The part to set down runs from the first line of the data below through the line with "また、講話の中では、本校の教", inclusive; write it exactly and leave out the pictures.

§ Source material
::::

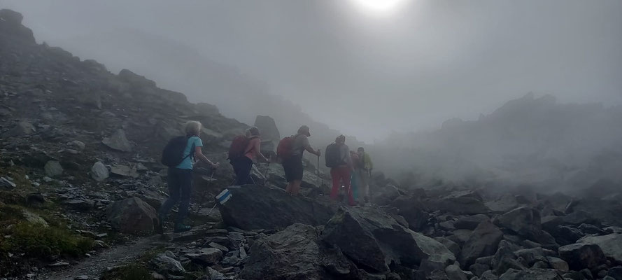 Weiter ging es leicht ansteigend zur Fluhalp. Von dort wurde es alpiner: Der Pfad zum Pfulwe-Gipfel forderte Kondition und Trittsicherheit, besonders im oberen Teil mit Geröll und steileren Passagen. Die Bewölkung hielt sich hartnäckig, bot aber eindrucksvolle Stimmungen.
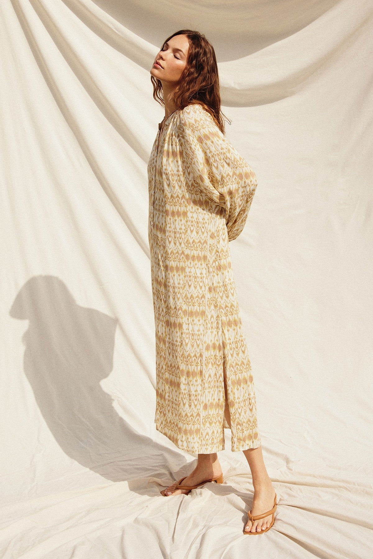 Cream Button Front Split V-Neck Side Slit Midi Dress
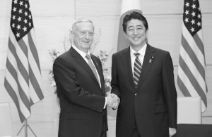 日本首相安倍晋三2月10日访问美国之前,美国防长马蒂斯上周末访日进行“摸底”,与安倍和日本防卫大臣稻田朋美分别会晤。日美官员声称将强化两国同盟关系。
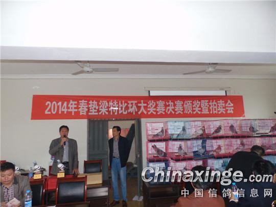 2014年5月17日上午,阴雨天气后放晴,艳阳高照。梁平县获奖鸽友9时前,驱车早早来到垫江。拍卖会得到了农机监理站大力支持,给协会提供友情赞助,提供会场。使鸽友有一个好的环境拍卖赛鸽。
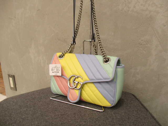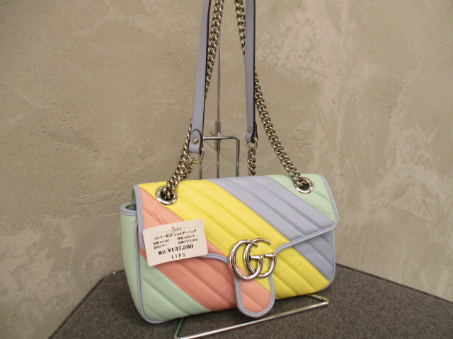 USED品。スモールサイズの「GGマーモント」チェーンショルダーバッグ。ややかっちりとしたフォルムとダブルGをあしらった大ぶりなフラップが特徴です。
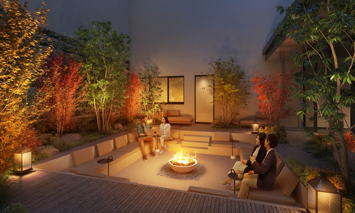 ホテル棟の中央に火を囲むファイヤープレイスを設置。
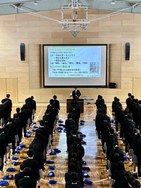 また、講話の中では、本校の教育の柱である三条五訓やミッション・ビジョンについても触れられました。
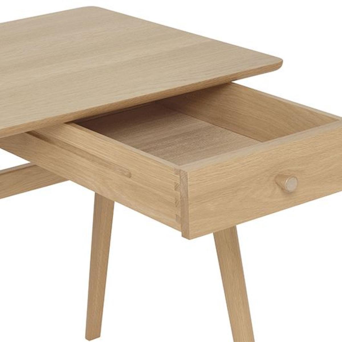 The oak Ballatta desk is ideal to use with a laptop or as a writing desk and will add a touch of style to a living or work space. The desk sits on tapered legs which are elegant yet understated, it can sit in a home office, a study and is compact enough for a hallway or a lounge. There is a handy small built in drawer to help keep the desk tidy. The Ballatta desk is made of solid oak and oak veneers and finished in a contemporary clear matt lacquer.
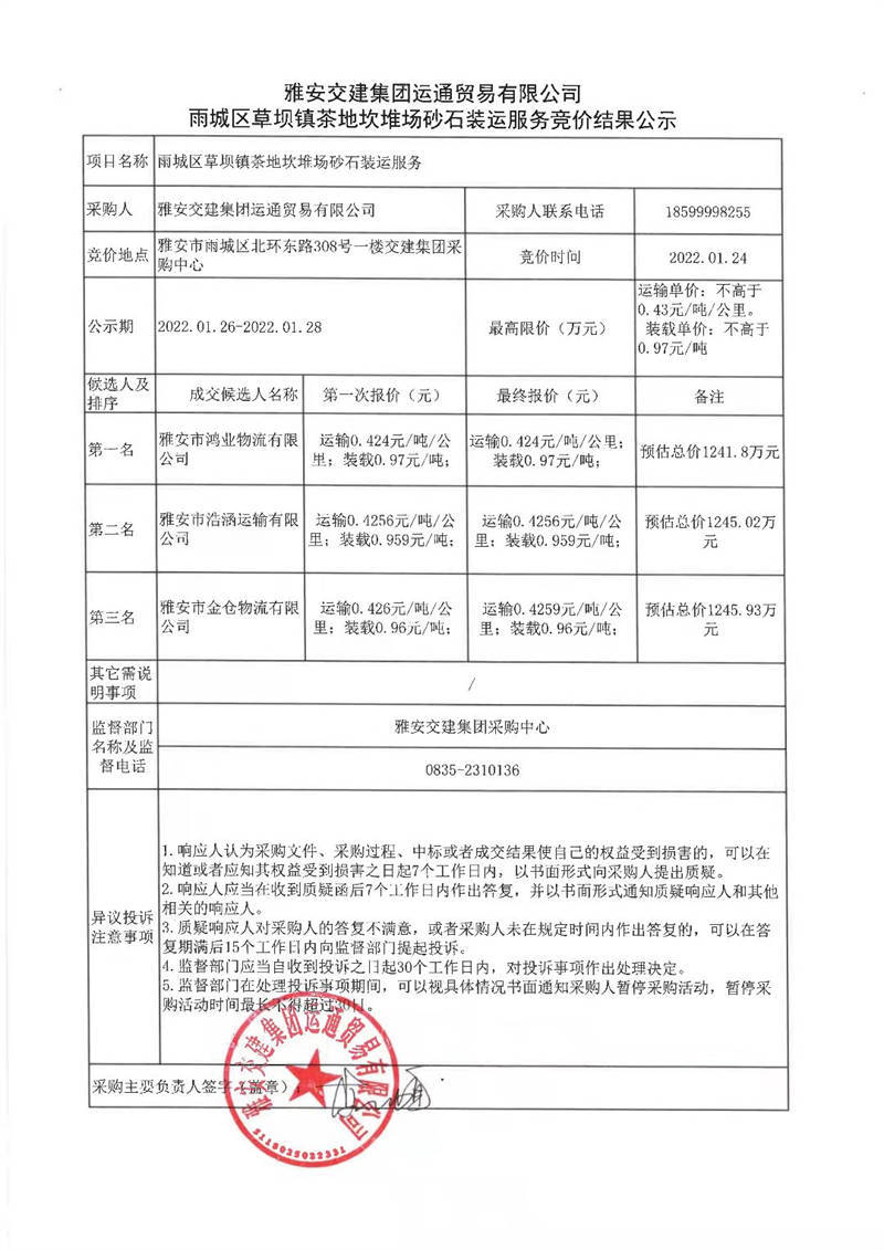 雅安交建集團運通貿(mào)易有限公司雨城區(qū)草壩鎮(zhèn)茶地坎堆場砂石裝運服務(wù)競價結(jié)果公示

::::

§ Finished task
 Weiter ging es leicht ansteigend zur Fluhalp. Von dort wurde es alpiner: Der Pfad zum Pfulwe-Gipfel forderte Kondition und Trittsicherheit, besonders im oberen Teil mit Geröll und steileren Passagen. Die Bewölkung hielt sich hartnäckig, bot aber eindrucksvolle Stimmungen.
 Cream Button Front Split V-Neck Side Slit Midi Dress
 日本首相安倍晋三2月10日访问美国之前,美国防长马蒂斯上周末访日进行“摸底”,与安倍和日本防卫大臣稻田朋美分别会晤。日美官员声称将强化两国同盟关系。
 2014年5月17日上午,阴雨天气后放晴,艳阳高照。梁平县获奖鸽友9时前,驱车早早来到垫江。拍卖会得到了农机监理站大力支持,给协会提供友情赞助,提供会场。使鸽友有一个好的环境拍卖赛鸽。
 USED品。スモールサイズの「GGマーモント」チェーンショルダーバッグ。ややかっちりとしたフォルムとダブルGをあしらった大ぶりなフラップが特徴です。
 ホテル棟の中央に火を囲むファイヤープレイスを設置。
 また、講話の中では、本校の教育の柱である三条五訓やミッション・ビジョンについても触れられました。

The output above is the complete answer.